Now, in this era when Walhalla is undergoing something of a renaissance as a tourist destination, the town feels as though it has been reborn. There has been renewed interest in the town. New buildings, holiday homes, a revamped commercial centre, a steady stream of tourists. It’s as though Walhalla has been rediscovered and is experiencing a new gold rush – of a different kind.
When I conceived the story of The Artisan Heart, I envisioned a small town as the setting for a story of healing. It quickly became apparent to me, given my life long love affair with the town, Walhalla would be that perfect setting. Not only does it inherently possess a sense of romanticism, Walhalla has been a place where I’ve gone to recoup during some difficult times in my life. A few days in this place has been like a balm for my soul and its helped me to face the world again. You could say that, in a way, The Artisan Heart is my thank you to Walhalla. A love letter if you will.

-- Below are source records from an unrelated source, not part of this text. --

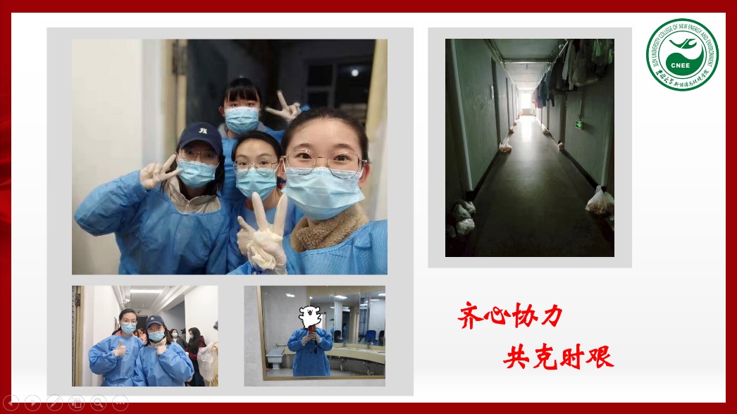 活动伊始,党支部组织委员兼宣传委员牛梦圆同学带领大家一起学习了《致全省各级党组织和广大共产党员的一封信》以及《致全校各级党组织和广大党员的倡议书》。随后,四位党员志愿者代表分别分享了自己的战疫故事。孟益坎同学向大家展示了几组图片,讲述了自己从看到老师同学们积极参与疫情防控到自己和室友们一起参与防控的故事,分享了自己在清晨为大家发放完早餐后获得的自豪和光荣。她用“聚是一团火,散是满天星”形容一直奋战在校园疫情防控第一线的志愿者。一直驻校工作的钟宇博老师也分享了他这段时间的工作感受,他最后说“我们终会在春暖花开的校园里,迎接吉林大学春天的到来”。支部其他党员也分别谈了自己在疫情期间在寝室与疫情抗争的感受。大家纷纷表示,尽管突发的疫情打乱了正常的生活安排,但在学校师长们的关怀呵护下,每一位同学都能够及时调整好心态,没有一丝一毫的慌乱,以从容、健康、乐观的心情充实地度过寝室抗疫的日子。
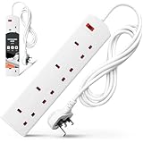2Wolf PowerWolf Power Extension Lead, 4 Gang, 2 Metre Extension Cable with UK 3 Pin Plug & Socket, Wall Mountable Power Strip for Home, Office & Appliances (White, 1 Pack)
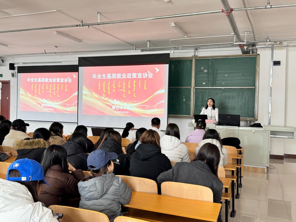 为深入贯彻落实国家关于引导高校毕业生面向基层就业的决策部署,帮助学生全面了解基层就业相关政策,明晰基层就业发展路径,树立正确的就业观与择业观,3月28日上午,蒙古学学院开展了毕业生基层就业政策专题宣讲会。本次宣讲会邀请教育学院教师阿那巴达主讲,学院团学办副主任乌日汉主持,学院党委副书记孔春艳、毕业班辅导员以及学院2022级、2023级全体学生参加。
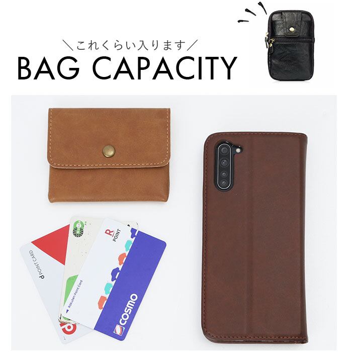 ・スマホやコインケース、モバイルバッテリーなどを収納できる大きさ。内ポケットも装備。
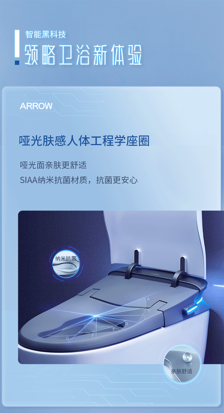 為滿足消費者對節(jié)水、抗菌、沖水力度、舒適度、健康等多種需求,箭牌在智能坐便器上使用的創(chuàng)新技術也在不斷更新。
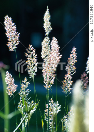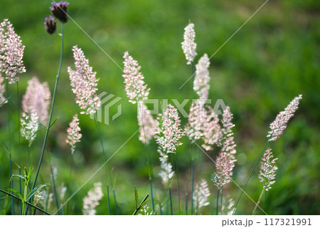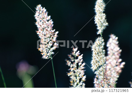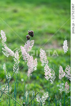 朝日に輝くメリニス サバンナのピンクの花穂の風景
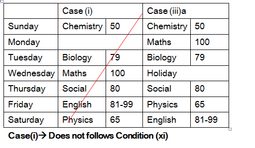 Only three days are between the distribution of Chemistry paper Social paper. Half of the persons where failed in Chemistry while comparing to Maths. The pass percentage in English was less than Maths, but greater than Social. Biology’s pass percentage was Twenty-one percentage less than Maths percentage. English paper was distributed one of the day after social paper. All the students in the class were passed in maths. Only three papers where distributed before the Subject which pass percentage has one more than Biology percentage . Only two papers where distributed between Physics and Maths. Maths paper was neither distributed on Friday nor on Tuesday. Tuesday was not a holiday. Not less than one day gap between the distribution of Chemistry and the subject which has pass percentage of Seventy nine. Physics pass percentage was fifteen more than Chemistry’s pass percentage. The paper with less pass percentage than English was not distributed after English paper. Social paper was not distributed before Chemistry paper. Maths paper will not be distributed after Holiday.
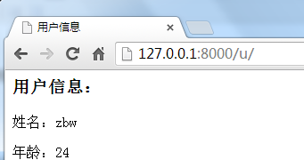 | 12345678910 | <html> <meta http–equiv=\”Content-type\” content=\”text/html; charset=utf-8\”> <title>用户信息</title> <head></head> <body> <h3>用户信息:</h3> <p>姓名:{{name}}</p> <p>年龄:{{age}}</p> </body></html> |
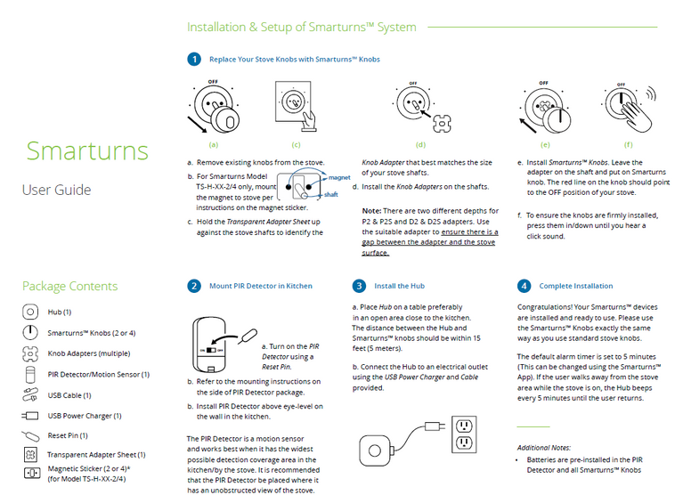 When the stove is turned on, the Smarturns knobs notify the hub. The motion sensor detects whether the stove is being attended. If no movement is detected within the preset time, the hub sounds an alert in the home.
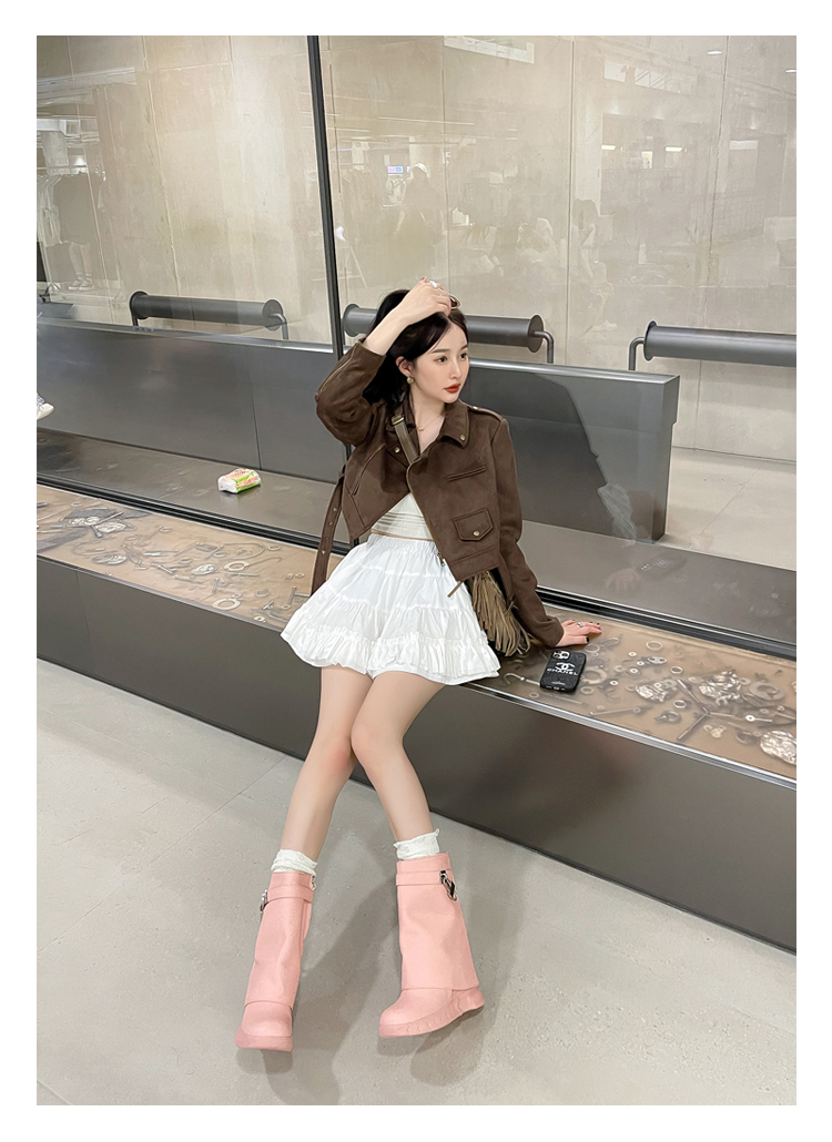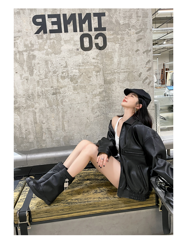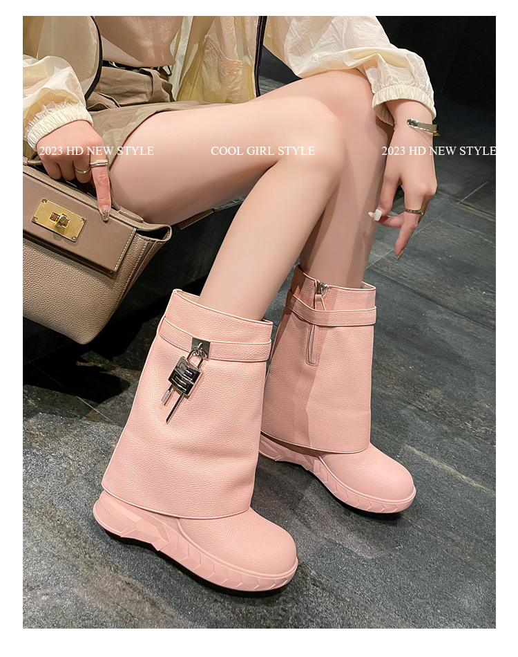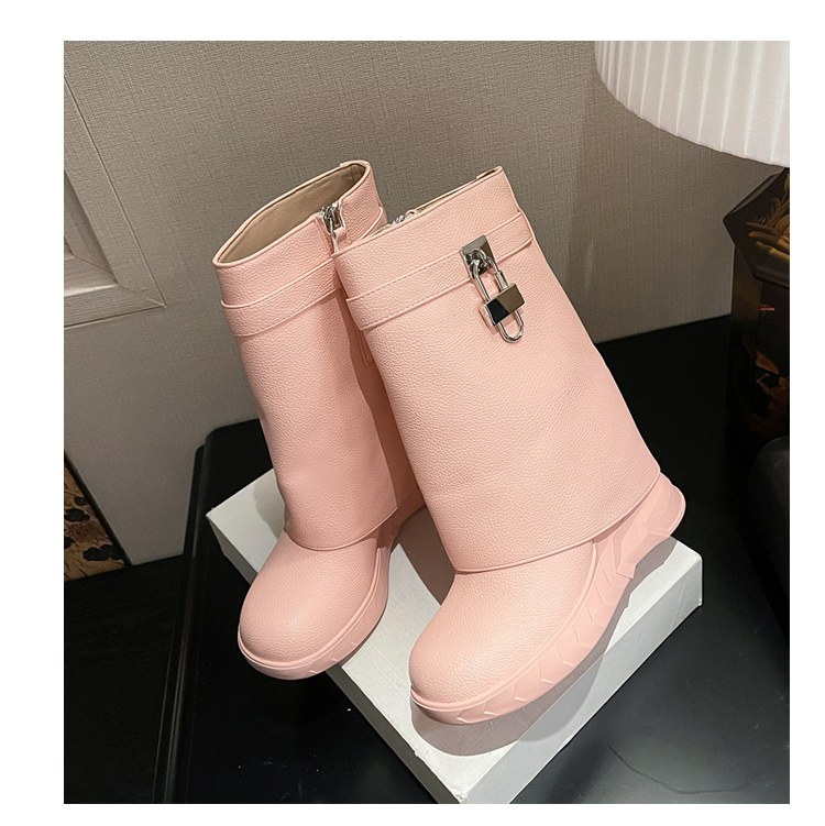 Platform Shoes Thick Sole Height Increasing Metal Lock Catch Boots

Walhalla is indomitable. It is a little sliver of paradise in the mountains that has survived and endured despite pretty much every effort to sweep it away. For me, Walhalla is perhaps my oldest and life long friend.
I enjoy the use of metaphors in my story telling. In weaving them into the narrative structure of my works, I hope coax an active reading experience and to stimulate further discussion among readers as to what they might mean. How those metaphors affect the trajectory of the characters and how they contribute to an engaging experience overall are important markers for a successful story.